Dolarda kırmızıçizgi aşıldı... Türkiye artık gelişen ekonomi değil... Bu ülkeye yabancılar yatırım yapmaz... Türkiye hangi dünyaya ait? Şirket borçlarımız arttı.
Bu slogan cümleleri, TÜSİAD Genel Kurulu ardından gazetelerde boy boy yer alan sayfalardan derlendi. Oluşturulan hava, gazete ilanlarıyla hükümet deviren TÜSİAD gücünün geri geldiği algısına dairdi.
Ancak aynı gün, ülkenin 10 yılının satın alındığı ihaleye 4 kat talep geldi, yatırım peşindeki küçük şirketler, KOSGEB kuyruğuna girdi, ihracatçı yeniden çift haneli artış hızına ulaştı, kur ile kafası karıştırılsa da üretici bildiğini okudu.
TÜSİAD içindekilerden de farklı düşünenler oldu.
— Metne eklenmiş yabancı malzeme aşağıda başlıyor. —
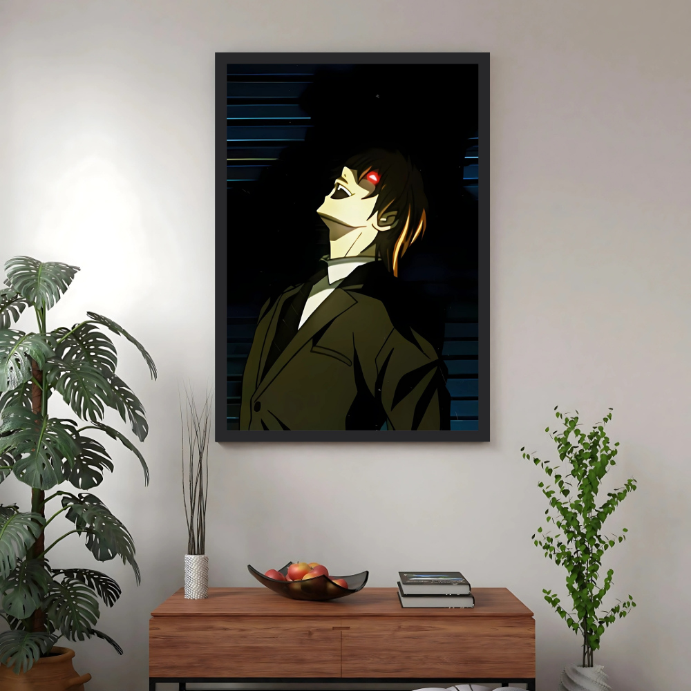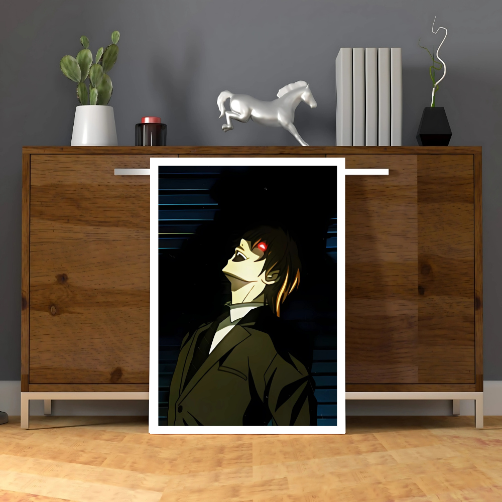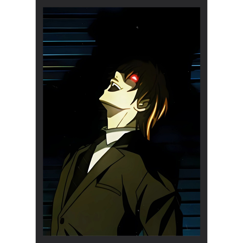 + Free ShippingLight Yagami is shown in a dark, dramatic side profile in a suit, with his eyes glowing crimson red.
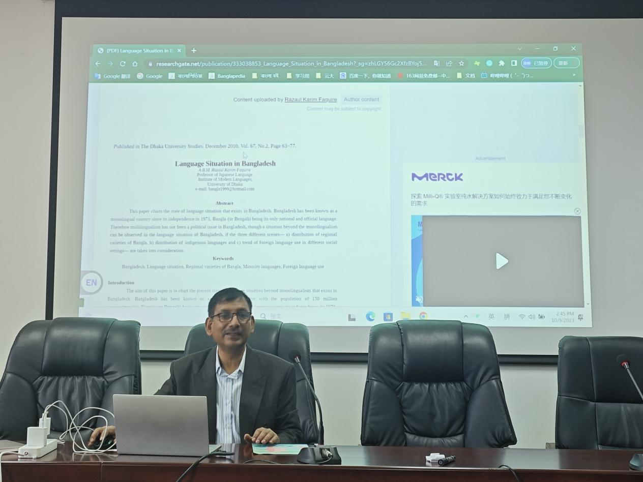 2023年10月9日下午14点,孟加拉国达卡大学现代语言学院院长应邀为BBV体育(中国)科技有限公司官网师生做了题为《孟加拉国的语言环境》的学术讲座,该讲座在外国语学院310会议室举行,由骆洪副院长主持,孟加拉语教研室全体师生积极参与。
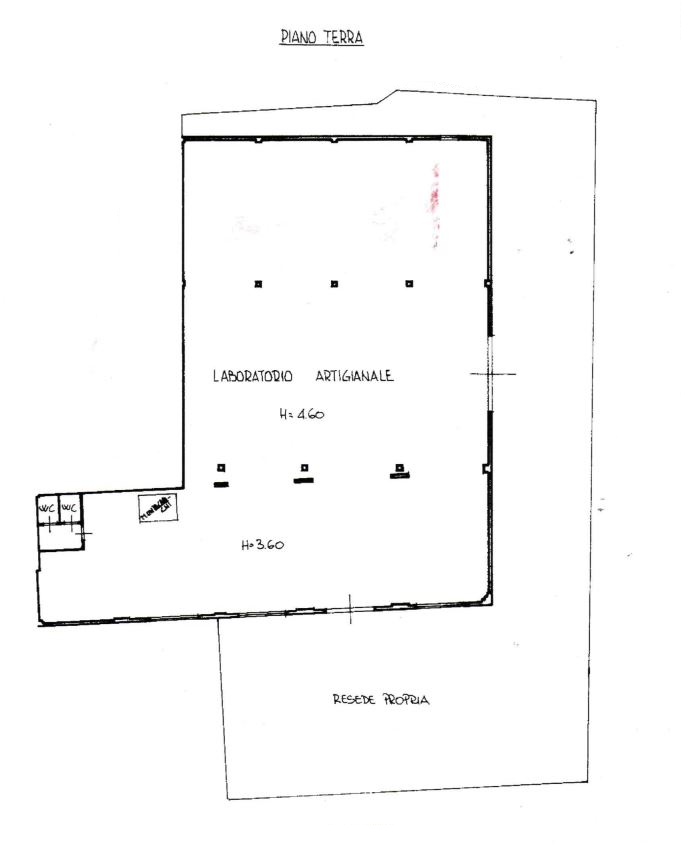 Il capannone è composto al piano terra da un ampio vano laboratorio di circa 400mq oltre servizi con altezza massima di 4,60mt e al primo piano da un magazzino di circa 100 mq.
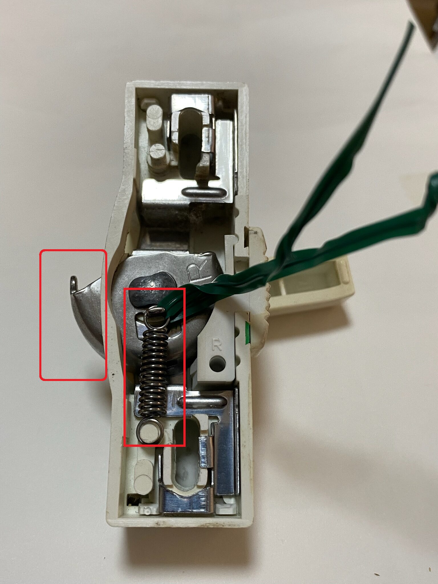 ・間違った場所にはめると、バネが変な方向で固定されてしまい、鍵がうまく動きません。
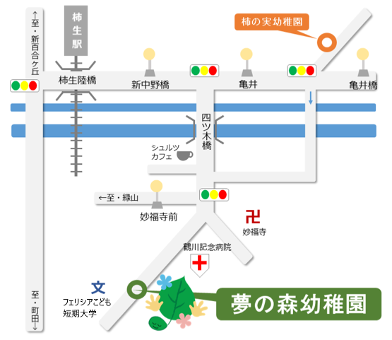 バス進行方向から後方へ40mほど戻り、突き当たり信号を右に進むと、Y字路が見えます。Y字路の右側の道を道なりに進むと、左手に夢の森幼稚園が見えます。(途中に病院が見えます。さらに先に進むと幼稚園です。)
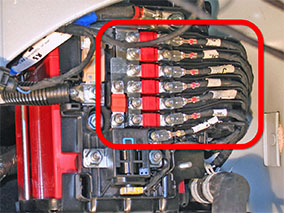 - Record the positions of the small-gauge cables at the RH side of the fusebox.
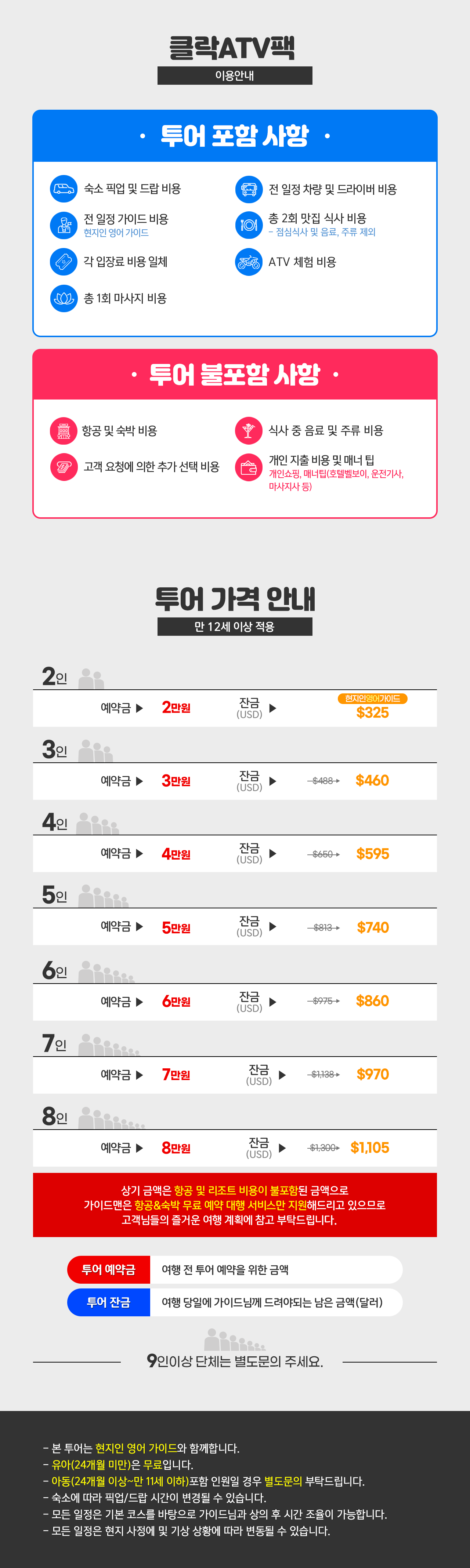 ※2명 여행시 아동/유아는 성인요금으로 받습니다.
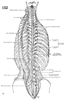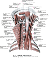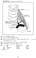 後斜角筋【こうしゃかくきん】 o:Transverse processes of C4-C6. i: Upper margin of second rib. Elevation of the rib. Lateral flexion of the neck. I: Brachial plexus (C7 C8).(後斜角筋は、C5とC6の横突起後結節から起こり、筋腹は中斜角筋の背側縁を廻って腹側に向きを変え、第2肋骨外面に、ときどきさらに第3肋骨に停止する。神経支配はC7およびC8由来の頚神経叢からの筋枝を受ける。参考:斜角筋群は主に吸息筋として働き頚椎を動かす作用はむしろ従であるという。)
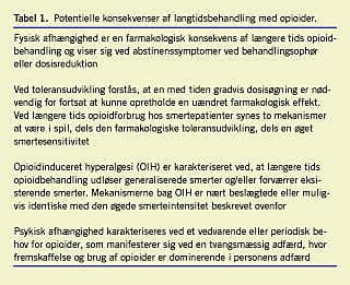Det er væsentligt i relation til operative indgreb at kende de vigtigste begreber vedrørende konsekvenser af langtidsforbrug af opioider (Tabel 1 ).
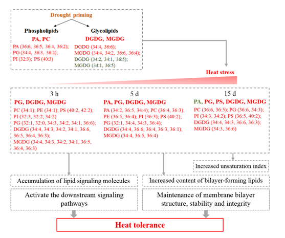 研究人员通过进一步的分析发现,干旱锻炼一方面诱导了信号脂类磷脂酸(PA)及其合成前体磷脂酰胆碱(PC)等的积累,从而激活下游胁迫信号通路,帮助植物应对高温逆境;另一方面通过调节各脂质组分含量,提高了易于维持双分子层稳定性的脂质含量,增加了膜脂不饱和度,维持了高温下膜双分子层的结构稳定性及完整性,进而提高高羊茅植株高温胁迫耐性。该研究结果以“Lipi-domic reprogramming associated with drought stress priming-enhanced heat tolerance in tall fescue (Festuca arundinacea)”为题近日在国际知名学术期刊《Plant, Cell & Environment》(5年影响因子6.151)发表。

Misal İshak Alaton, "darbelerde ne kadar payınız var?" sorusuyla utancını dile getirdi. Kürsüden indirildi, oylandı, yeniden söz verildi, çıktı, konuştu; "karanlık adamlardan" söz etti...
TİM Başkanı Mehmet Büyükekşi ile ihracat değerlendirme toplantısında kurdaki çılgınlığı konuştuk dün... Onun ve temsil ettiği 58 bin ihracatçının TÜSİAD gibi düşünmediğini gördüm. Dolar 2.50 olacak tehdidiyle Merkez'i faiz artışına zorlayanların bindiğimiz dalı kestiğini gördüm.
İhracatçının doların her fiyatına, kurun her düzeyine, sepetin her miktarına karşılık gelen bir ticareti var. Sorun, oynak hale getirilen kurun düzeyi değil, kestirilemezliği... Öngörülebilir ve rekabetçi kur talebi çağrısı yaptı Büyükekşi: "İhracatın GSMH içindeki payını %19'dan %25'e çekmeliyiz." Çekmeliyiz ki ihracat motoru büyümeyi üstlenebilsin.
18 Aralık operasyonları sonrası ekonomi suikastını "okyanus ötesinden" gelen dalganın yargıda, bürokrasideki oligark işbirliğine adreslemiştim. Gelişmeler bunu doğruladı. Ancak bugün Türkiye'nin itibarsızlaştırılmasına yönelik dalganın, okyanusun berisinde de var olduğunu gördüm.